To solve the problem step by step, we need to find the fundamental frequencies of two closed-end pipes that produce 5 beats per second when sounded together. The lengths of the pipes are in the ratio of 100:101. ### Step 1: Understand the relationship between frequency and length The fundamental frequency (F) of a closed-end pipe is inversely proportional to its length (L).
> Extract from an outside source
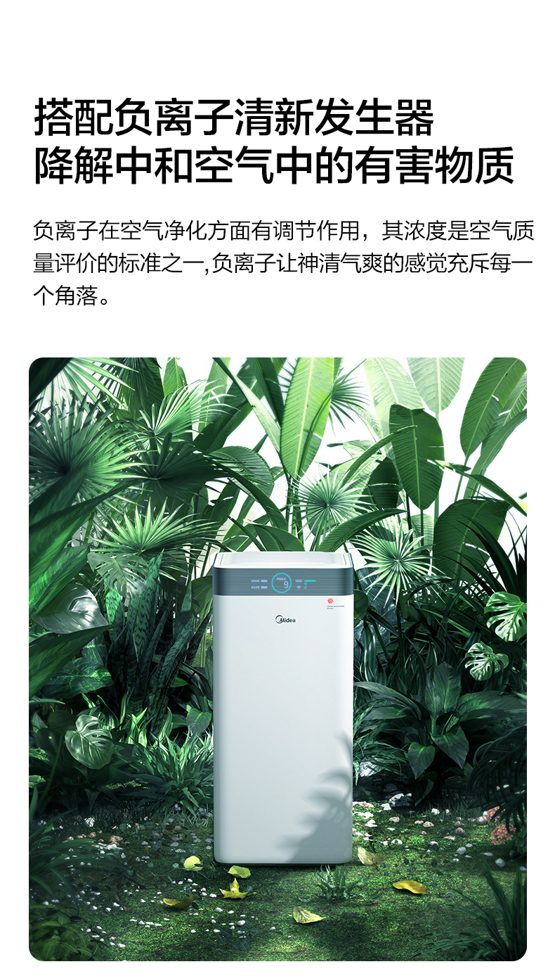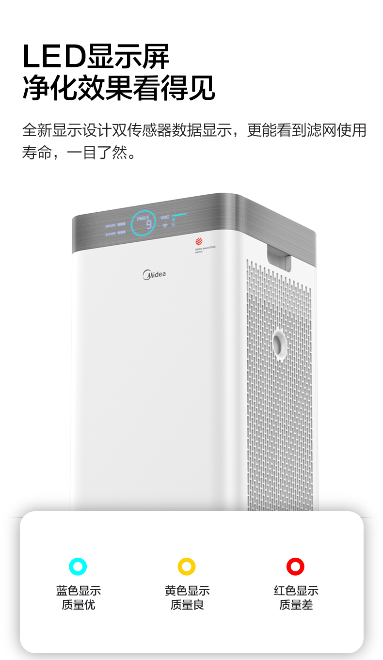 - 商品名称:美的(Midea)空气净化器 家用除甲醛除雾霾净化器 除菌除PM2.5除异味美的净化器KJ550G-JA32

This can be expressed as: \[ F \propto \frac{1}{L} \] Thus, for two pipes with lengths \( L_1 \) and \( L_2 \), the frequencies \( F_1 \) and \( F_2 \) can be written as: \[ \frac{F_1}{F_2} = \frac{L_2}{L_1} \] ### Step 2: Set up the lengths based on the given ratio Let the lengths of the two pipes be: - \( L_1 = 100 \) (for the first pipe) - \( L_2 = 101 \) (for the second pipe) ### Step 3: Express the frequencies in terms of one variable Using the inverse relationship, we can express the frequencies as: \[ F_1 = k \cdot \frac{1}{L_1} = \frac{k}{100} \] \[ F_2 = k \cdot \frac{1}{L_2} = \frac{k}{101} \] where \( k \) is a constant. ### Step 4: Use the beat frequency information The beat frequency is given as 5 beats per second, which means: \[ |F_1 - F_2| = 5 \] ### Step 5: Substitute the expressions for frequencies Substituting the expressions for \( F_1 \) and \( F_2 \): \[ \left| \frac{k}{100} - \frac{k}{101} \right| = 5 \] ### Step 6: Simplify the equation To simplify, we can find a common denominator: \[ \left| \frac{101k - 100k}{100 \cdot 101} \right| = 5 \] This simplifies to: \[ \left| \frac{k}{100 \cdot 101} \right| = 5 \] ### Step 7: Solve for \( k \) Multiplying both sides by \( 100 \cdot 101 \): \[ k = 5 \cdot 100 \cdot 101 = 50500 \] ### Step 8: Calculate the fundamental frequencies Now we can find \( F_1 \) and \( F_2 \): \[ F_1 = \frac{50500}{100} = 505 \, \text{Hz} \] \[ F_2 = \frac{50500}{101} = 500 \, \text{Hz} \] ### Step 9: Final answer The fundamental frequencies produced by the two pipes are: - \( F_1 = 505 \, \text{Hz} \) - \( F_2 = 500 \, \text{Hz} \)